When I get a wild hair I make up a half-dozen 'match bundles' or 'match bindles'.

These are wooden matches, either strike anywhere or needing a striker. I include a great enough number of matches to keep the package from bending and breaking the wooden sticks. Usually four to six matches are about right. I include a strike if the matches require one. A striker can also be included for strike anywhere matches. Around this packet I wind a strip of wax paper to keep the tape from sticking to the matches, and to act as tinder.

I then seal this bundle between two pieces of industrial aluminum foil tape applied sticky side to sticky side. Before sealing the last section I squeeze out all the air. Once sealed I follow up with a plastic applicator that concentrated pressure and permanently bonds the adhesive. I follow with a pair of scissors to square up the edges and round the four corners.
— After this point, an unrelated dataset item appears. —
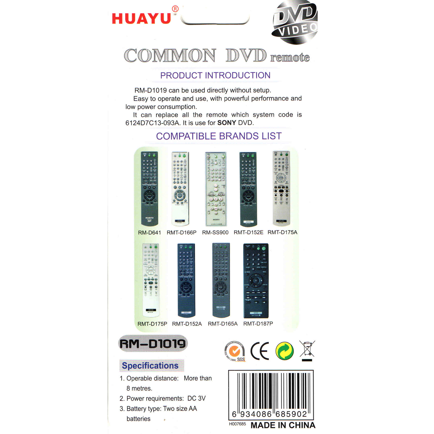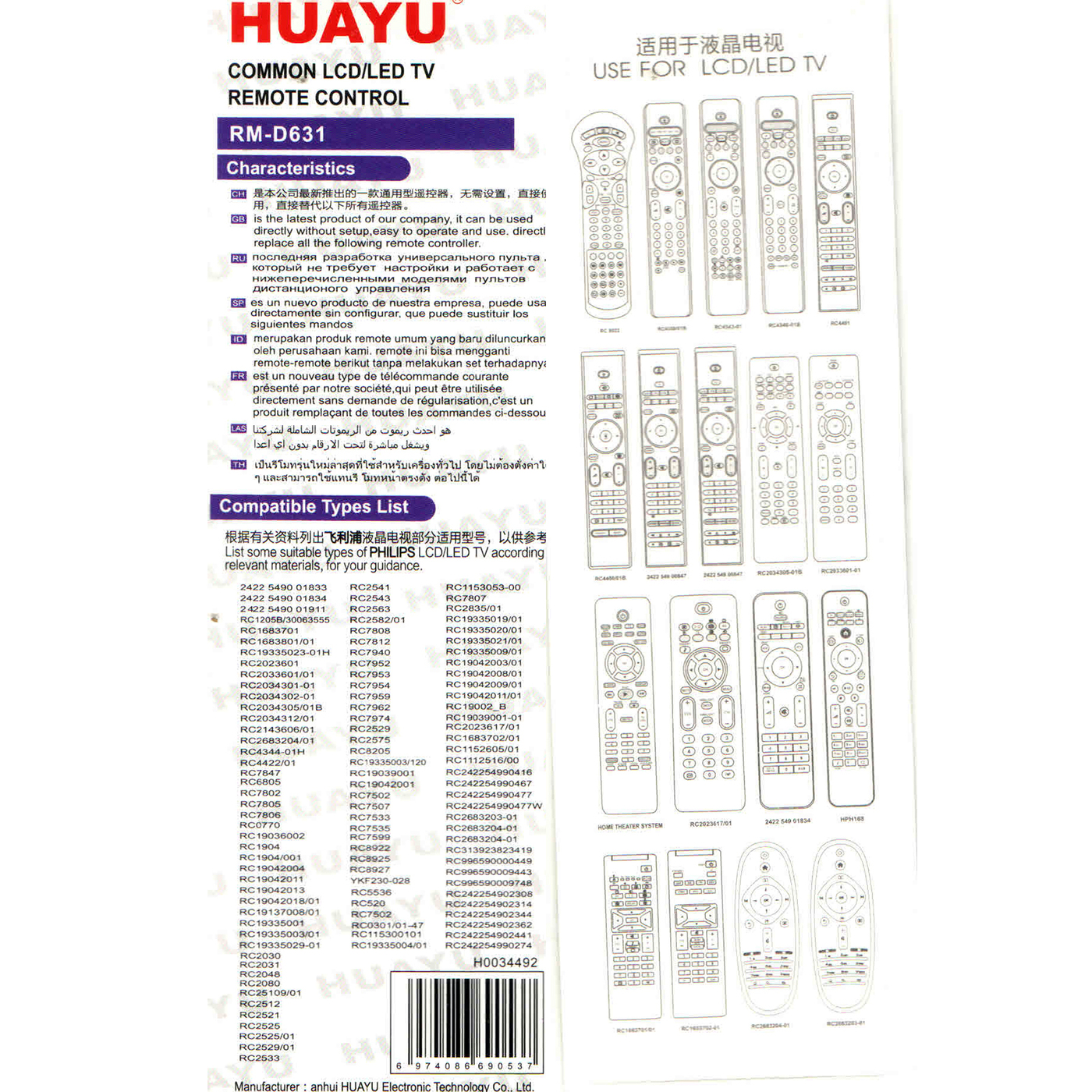 Пульт huayu rm d1078

The result is a airtight package that is quite small, typically about a quarter inch and just a touch longer than the matches contained. These can be tossed into jacket pockets, slid into seams and otherwise shoehorned in just about anywhere. I have dispersed so many I forget where they all are. I usually have one tucked, or loosely stitched, into the headband of whatever hat I am wearing.

The work boots I reserve for sloppy work has one slid in alongside the tongue. It has been there for over a decade. Dating back to when those boots were used for hiking. From experience I fully expect that if I pulled it out the bindle the matches would still work.
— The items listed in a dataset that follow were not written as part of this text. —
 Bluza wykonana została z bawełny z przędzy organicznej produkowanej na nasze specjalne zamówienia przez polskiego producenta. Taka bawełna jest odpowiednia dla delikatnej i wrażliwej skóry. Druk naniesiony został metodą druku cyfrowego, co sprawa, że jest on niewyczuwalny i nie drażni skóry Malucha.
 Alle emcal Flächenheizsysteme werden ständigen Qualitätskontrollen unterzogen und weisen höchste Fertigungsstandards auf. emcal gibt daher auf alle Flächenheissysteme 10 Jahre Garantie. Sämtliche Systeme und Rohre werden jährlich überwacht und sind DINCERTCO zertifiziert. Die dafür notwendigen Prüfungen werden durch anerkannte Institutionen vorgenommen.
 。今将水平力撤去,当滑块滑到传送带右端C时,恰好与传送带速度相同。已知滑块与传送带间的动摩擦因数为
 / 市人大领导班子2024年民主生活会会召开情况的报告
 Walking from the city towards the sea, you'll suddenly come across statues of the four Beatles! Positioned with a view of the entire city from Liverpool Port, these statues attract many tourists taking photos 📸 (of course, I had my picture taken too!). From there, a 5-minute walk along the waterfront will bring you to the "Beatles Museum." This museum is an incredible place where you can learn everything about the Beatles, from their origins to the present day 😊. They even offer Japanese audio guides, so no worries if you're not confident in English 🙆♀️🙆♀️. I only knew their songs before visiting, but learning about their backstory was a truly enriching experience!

I like Bics. I like the mini-Bics even more simply because they are smaller and lighter. These match bundles are even smaller and lighter. If you wrap them tightly and seal them well they seem to last many years. I have tried ones I wrapped a dozen years ago and unless the foil was breached they were all good.

So, to answer the original question, matches are no IMHO completely obsolete. Match safes, those clunky hunks of brass or plastic, are pretty much obsolete. But sealing the matches into much smaller, expendable, packages of just a few matches makes sense to me.